Younger kids, particularly those under the age of 7 or so, may experience sleep terrors more readily than nightmares. Here’s how you can tell the difference.
Nightmares happen during REM sleep. It’s a lighter phase of sleep. When your child has a nightmare, they wake up startled, confused and scared. They may cry out and be able to tell you about their nightmare.
Night terrors (or sleep terrors) typically occur during the deepest stage of non-REM sleep (also called “slow-wave sleep”). When your child has a sleep terror, they may yell or scream but they’re not actually awake. They won’t readily respond to your comforting words or hugs, and they won’t remember the episode in the morning.
“Younger children have more slow-wave sleep compared with adolescents and adults,” Dr. Litzenburg says. “There’s so much happening as their body is growing, they need to spend more time in that deep sleep pattern to encourage their healthy development and growth.”
We tend to think of sleep as a time when not much is happening. But looks can be deceiving.
When your kid nods off, their brain is working hard to process the day’s events and their emotions. Sleep also plays a role in learning and memory consolidation. According to the National Institutes of Health, recent research suggests sleep also plays a “housekeeping role.” That is, while you sleep, your brain clears away toxins that build up during the day.
And while your child’s brain is busy working its night shift, they dream a little dream. But on some nights, those dreams can turn dark, and the result is the stuff of nightmares.
Nightmares can be more common if your child is experiencing:
Nightmares in kids are common. But the content of those dreams is likely to vary as your children age.

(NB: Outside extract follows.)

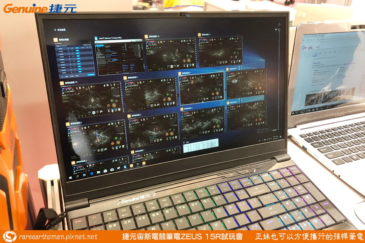 ▲現場也展示了多視窗的遊戲畫面,透過模擬器同時讓11個天堂M的遊戲視窗同時在ZEUS 15R上面跑,動作流暢不卡卡,據現場工作人員說,他們有同時最多使用16個天堂M視窗過,可見這台筆電的效能有多好;當然這麼多視窗在跑,這台雖然有15.6吋的螢幕,可是每個視窗顯示的範圍還是有點小,也許可以多工延伸1-2個螢幕來增加顯示面積,但如果要全部讓16個視窗都各自獨立一個螢幕的話,就會需要外接一個訊號轉接器才可能辦到了。

“Preschoolers can have big imaginations, and they often can’t tell what’s real from what’s not, so often their nightmares are going to be things like being chased by imaginary creatures and that kind of thing,” Dr. Litzenburg explains. “As they grow up, your child’s nightmares are probably going to be more closely related to the stressors in their lives. Things like negative experiences at school or troubles with friends.”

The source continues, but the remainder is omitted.